Letra e música de: Moisés Martins.

ÁGUA É FORÇA
ÁGUA É AMOR
ÁGUA É VIDA
LÁGRIMAS DO NOSSO SENHOR!

ÁGUA DO POTE
ÁGUA DO RIO
ÁGUA DA BICA

ÁGUA DE CÔCO
ÁGUA QUE CORRE
ÁGUA QUE FICA

ÁGUA DE CHUVA
LAVANDO A SAUDADE
DOS ÓIOS
DA MORENA BONITA

AS ÁGUAS NASCEM NO COLO DAS SERRAS
CRESCEM NOS RIOS
SEMPRE A ROLAR
FECUNDAM A TERRA
BEIJAM CIDADES
MORRENDO NOS BRAÇOS DO MAR!

(primeiro lugar no festival de rasqueado de 2005)
recebendo prêmio de: primeiro lugar
interpretação
e arranjo.
Valor do premio: R$. 7.000,00 (sete mil reais)

Sinfonia chapada

Moisés Martins.

Chapada é uma orquestra
Interpretando sinfonias de amor!
Canta nas brisas que vasculham
Nas matas pauta palmas dos buritis e palmeiras.

No ritmo do chocalhar das cachoeiras,
No murmúrio dos corichos
Lambendo as palmas dos coqueiros.
O vento assobiando,
Pela fresta da casinha de sapé,
O choro do angico,
Fervendo água prá fazê café.

Canta no palco das suas cordilheiras,
Paredões, ecos, sons.
As cores do arco-íris, as asas das borboletas,
Vagalumes, propiciam a iluminação,
A iluminação, a iluminação!

O espírito da Chapada,
incorpora no espírito da terra,
Nas curvas das estradas, pelos vales verdejantes, vaga!
O Senhor é meu Pastor, nada me pode faltar!
O Senhor é meu Pastor, nada me pode faltar!

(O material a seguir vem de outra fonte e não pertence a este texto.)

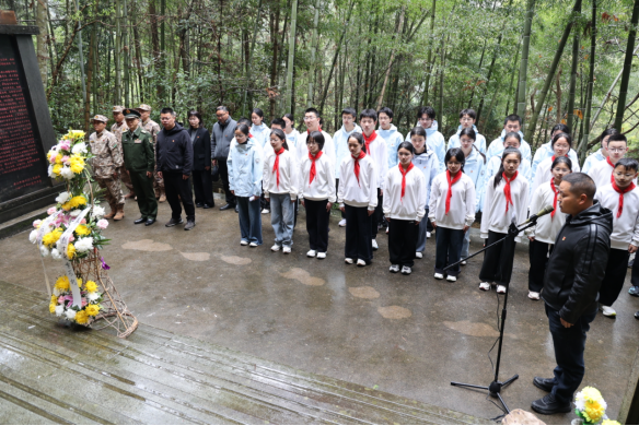上午9时许,祭扫仪式正式开始。全体人员整齐列队,面向烈士纪念碑肃立。伴随着雄壮高亢的旋律,现场奏唱中华人民共和国国歌,激昂的歌声在静谧的山间回荡,表达了大家对祖国的无限热爱和对革命先烈的崇高敬意。
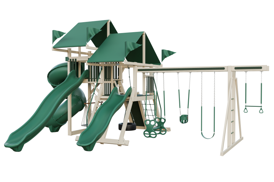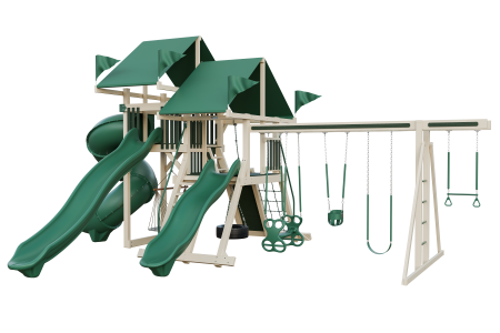 If you are looking for a playset that will keep your kids entertained and challenged, look no further than this amazing product. This playset features a 5′ MC ladder that provides easy access to the upper deck, where your kids can enjoy three different slides: a 10′ avalanche slide, a 14′ avalanche slide, and a 7′ turbo twister slide. They can also swing on one of the six swinging options, including a belt swing, a trapeze bar, a tire swing, a dual glider, a hammock swing and an infant swing. For more adventurous kids, this playset also offers a rock wall and a cargo net that will test their strength and agility. This playset is perfect for kids of all ages and abilities and will provide hours of fun and exercise.
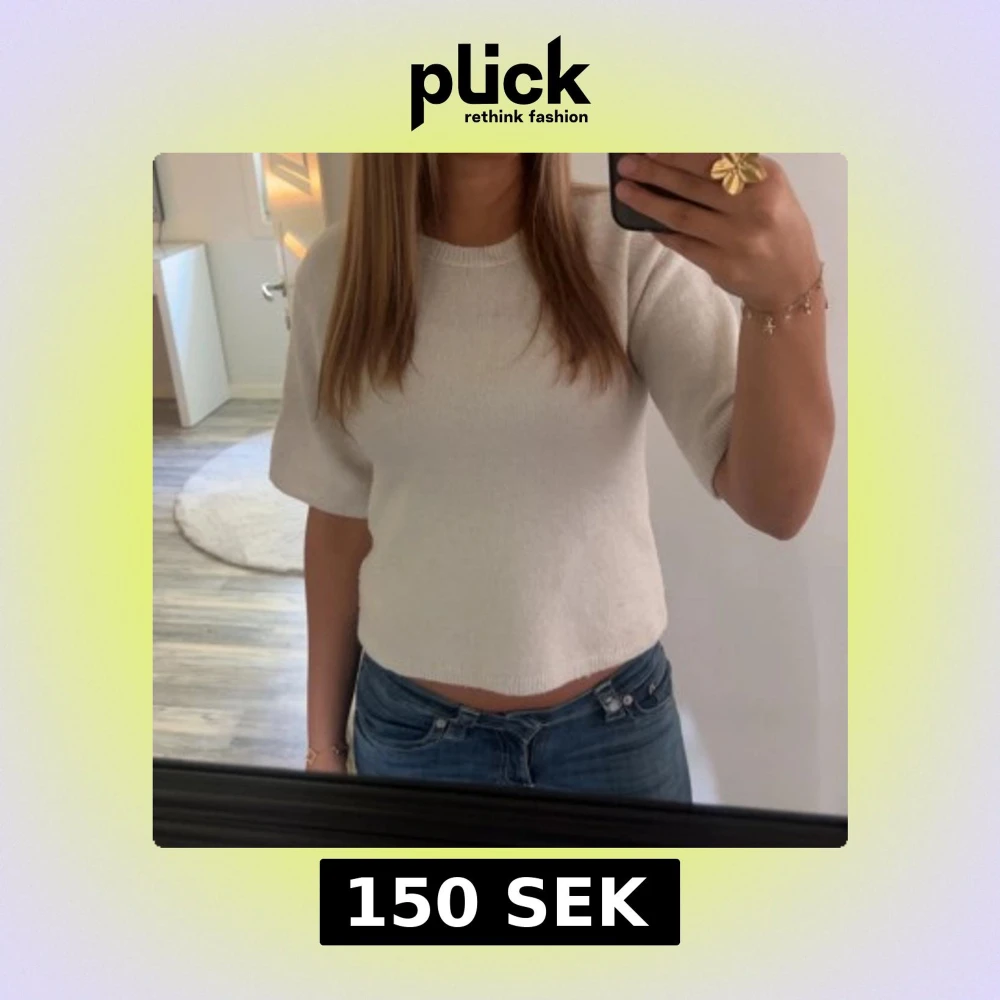 Säljer en enkel och stilren vit croppad stickad topp med korta ärmar och rund hals. Perfekt till jeans eller kjol för en clean look. Mjuk och skön mot huden.
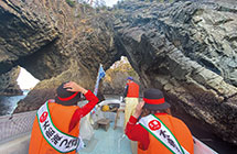 碁石岬や乱曝谷、雷岩など、碁石海岸の絶景ポイントを小型漁船でめぐる爽快アドベンチャーで、クライマックスの穴通磯をくぐり抜ける瞬間は大迫力です。
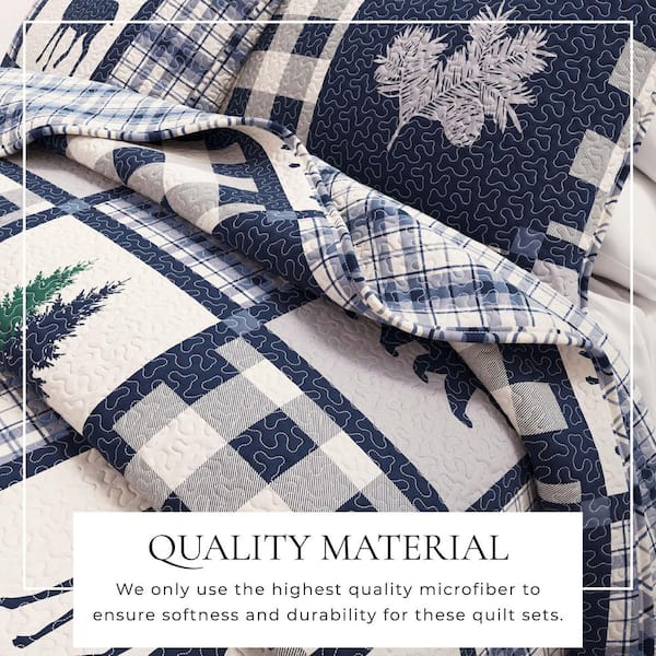 Blue Lodge Patchwork Full/Queen Microfiber 3-Piece Quilt Set Bedspread
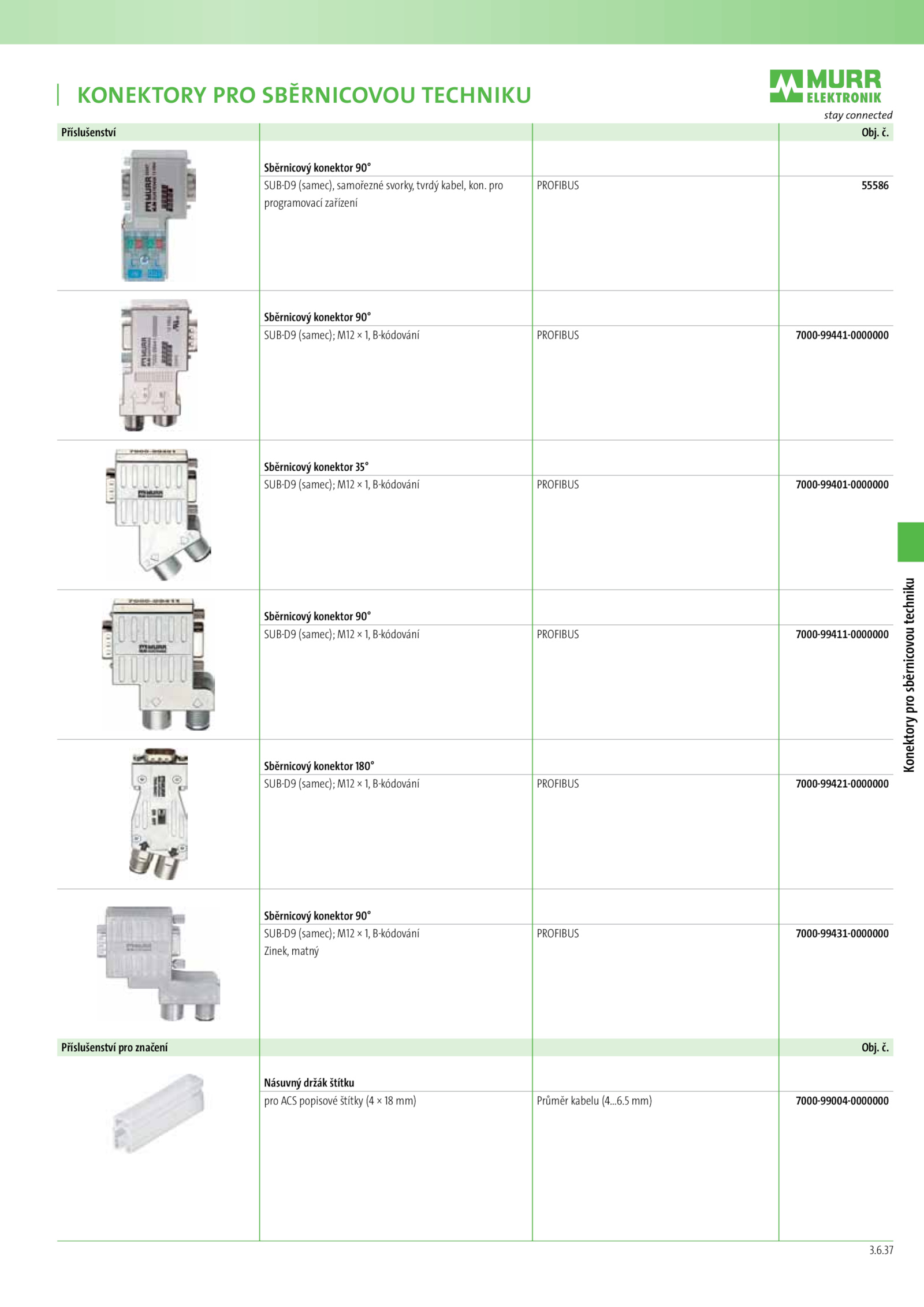 .. pro programovací zařízení PROFIBUS Sběrnicový konektor 90° SUB-D9 (samec); M12 B-kódování PROFIBUS Sběrnicový konektor 35° SUB-D9 (samec); M12 B-kódování PROFIBUS Sběrnicový konektor 90° SUB-D9 (samec); M12 B-kódování PROFIBUS Sběrnicový konektor 180° SUB-D9 (samec); M12 B-kódování PROFIBUS Sběrnicový konektor 90° SUB-D9 (samec); M12 B-kódování Zinek, matný PROFIBUS Příslušenství pro značení Obj. č. Sběrnicový konektor 90° SUB-D9 (samec), samořezné svorky, tvrdý kabel, kon.3.6. Násuvný držák štítku pro ACS popisové štítky mm) Průměr kabelu (4.37 Konektory pro sběrnicovou techniku Konektory pro sběrnicovou techniku Příslušenství Obj. č.5 mm) 55586 7000-99441-0000000 7000-99401-0000000 7000-99411-0000000 7000-99421-0000000 7000-99431-0000000 7000-99004-0000000 .6
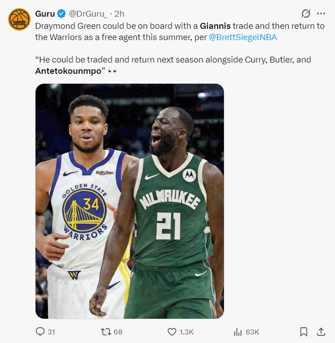 此前BrettSiegel就透露,勇士隊最多可以為字母哥送上4個首輪簽+1個首輪互換權,籌碼方面德雷蒙德-格林都已經愿意充當揚尼斯的籌碼,在下賽季合同到期后,勇士可以將追夢簽回重新搭檔庫里。
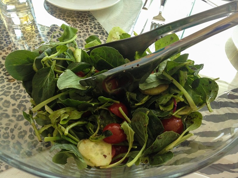 Next up was a fresh salad with a light dressing, and a platter of grilled boerewors – South African sausage. The sausages reminded me of one that we call Lunenburg sausage at home, and a favorite of mine. Both the salad and the sausage were prepared perfectly.
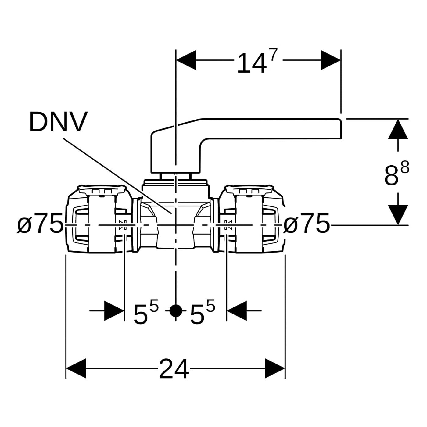 Geberit FlowFit Kugelhahn mit Betätigungshebel Ø 7,5 cm

É a Sinfonia entoada, pela orquestra,
Regência terra mãe…
Melodia dos riachos…
Contralto das cachoeiras…
Da seriema o tenor,
Barítono do vento,
Baixo do trovão!
Sinfonia Chapada, dia e madrugada
Sinfonia Chapada, terra de todos os sons!

Tchupa-Tchupa

Moisés Martins

Chegava no avião da Panair todo tocera,
Se instalava no “Grande Hoté”.
Viador digoreste,
Que nem curim-pam-pam na teipa.
Brilhantina “Roiar”no cabelo,
“SS” cento e vinte, terno branco,
Palácio das Águias, meninas do Candieiro.
Cochicho, chicho, ele chegou
De carne cô banana,
A Maria Izabé,
O maior comedô!
Óio de mamona no cabelo
Cinturita, raspa sovaco,
Oia no espeio, se apronta toda,
Prá passeá cô pau rodado.
Leva agente pro Coxipó
Chupa, chupa, esfola, esfola.
Slep, slep, que nem chicrete.
Chupa a gente que nem caju
Trepa, trepa, que nem chuchu!

Pixé

Moisés Martins

MILHO TORRADINHO SOCADO,
CANELA AÇUCARADA,
A BRANCA PURA DAQUELA GURIZADA
DO TEMPO DO CAMPO D’OURIQUE,
QUANDO A PANDOGA, O FINCA-FINCA
O BUSCAPÉ E O TRIQUE-TRIQUE
PINTAVAM O CÉU COM PINGOS DE LUZ
É TEMPO BOM
QUE NÃO VOLTA MAIS,
SÓ NA LEMBRANÇA DE QUEM FOI MENINO,
E HOJE É RAPAZ.
MILHO TORRADO BEM SOCADINHO
AH! QUE SAUDADE DO MEU TEMPO DE MENINO,
UM DIA AINDA VEREI EU TENHO FÉ
MEU NETO, MEU NETO
COM A BOCA TODA SUJA DE PIXÉ!

O sol tá quente pra daná

Letra de: Moisés Martins.

O sol tá quente prá daná; tá, tá, tá, tá.
O calor tá de matá; tá, tá, tá.
Prá refrescá, oi,
Prá refrescá, oi.
Vou me banhá nas águas do Cuiabá.

Quando mergulho nestas águas,

Sinto o corpo arrepiar,
Lembro das belas viagens,
Que eu fiz a Corumbá.

Das chalanas preguiçosas,
Regiões do pantanal,
Do doce beijo das águas,
Cuiabá e Paraguai.

Dourado peixe,
Peixe dourado,
Vai dizer prá natureza,
Devolver o meu passado.

Furrundu

Letra de: Moisés Martins.

Furrundu doce do pau,
Do pau do mamoeiro
Até parece com uma dança,
Mas é só doce caseiro.

Rala, rala, raspa, raspa.
Esse pau todo grudento.
Rala, rala, raspa, raspa,
Esse pau que é alimento.

O leite que dele escorre,
Quando o pau é decepado.
Lembra um certo caldinho,
Grudento que nem melado.

O choro do pau no leite,
Que nem sentimento tém
O leite contigo fica,
A doçura comigo vem!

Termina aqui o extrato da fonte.